Navigate to where the module is installed, which by default is usually:

C:\Program Files\WindowsPowerShell\Modules\WindowsDisplayManager\

Using ethier Notepad++ or VSCODE, open the following file

C:\Program Files\WindowsPowerShell\Modules\WindowsDisplayManager\1.1.1\structures\Display.psm1

Then find the part of the code:

        if ($currentHdrInfo.HdrEnabled -eq $enablement) {
            Write-PSFMessage -Level Debug -Message "HDR enablement state is already $enablement for target $($this.FriendlyName), nothing to change"
            return $true

and change to

        if ($currentHdrInfo.HdrEnabled -eq $enablement) {
            Write-PSFMessage -Level Debug -Message "HDR enablement state is already $enablement for target $($this.FriendlyName), nothing to change"
          #  return $true

Then save. You might need to save the file to you Desktop Folder, then manually move it to this directory with Admin Permissions.

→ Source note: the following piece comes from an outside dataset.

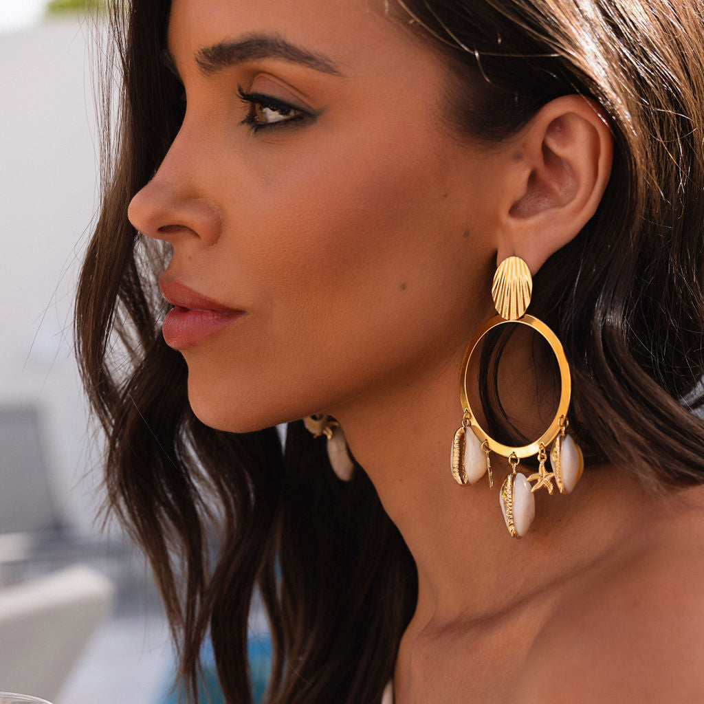Descrição: Brinco frontal com pingentes de búzios e estrela do mar
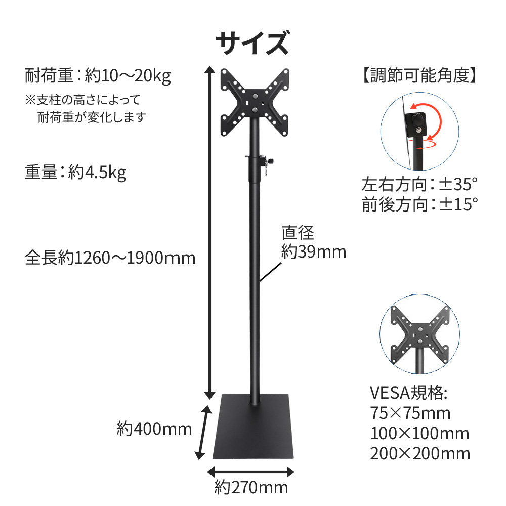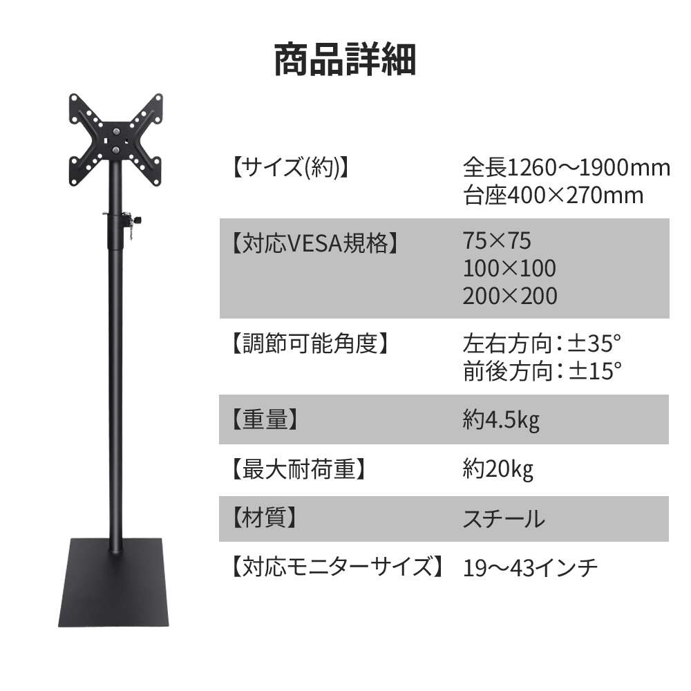 ディスプレイスタンド モニター 画面 液晶 パソコン パソコンスタンド v 取付 取り付け 設置 19インチ 24インチ 32インチ 37インチ 40インチ 43インチ 130954 法人 壁寄せテレビスタンド TVスタンド TV台

Last step, run this command in Windows Powershell:

Import-Module WindowsDisplayManager

That's It! This is a quick fix, as if you run "$primaryDisplay.DisableHdr()" it will still display as "True" even though it is "False"

What the "#" does above is forcing the code to execute anyway, even if it thinks HDR is already turned on and vice versa. I tested it on my computer, and it works flawlessly!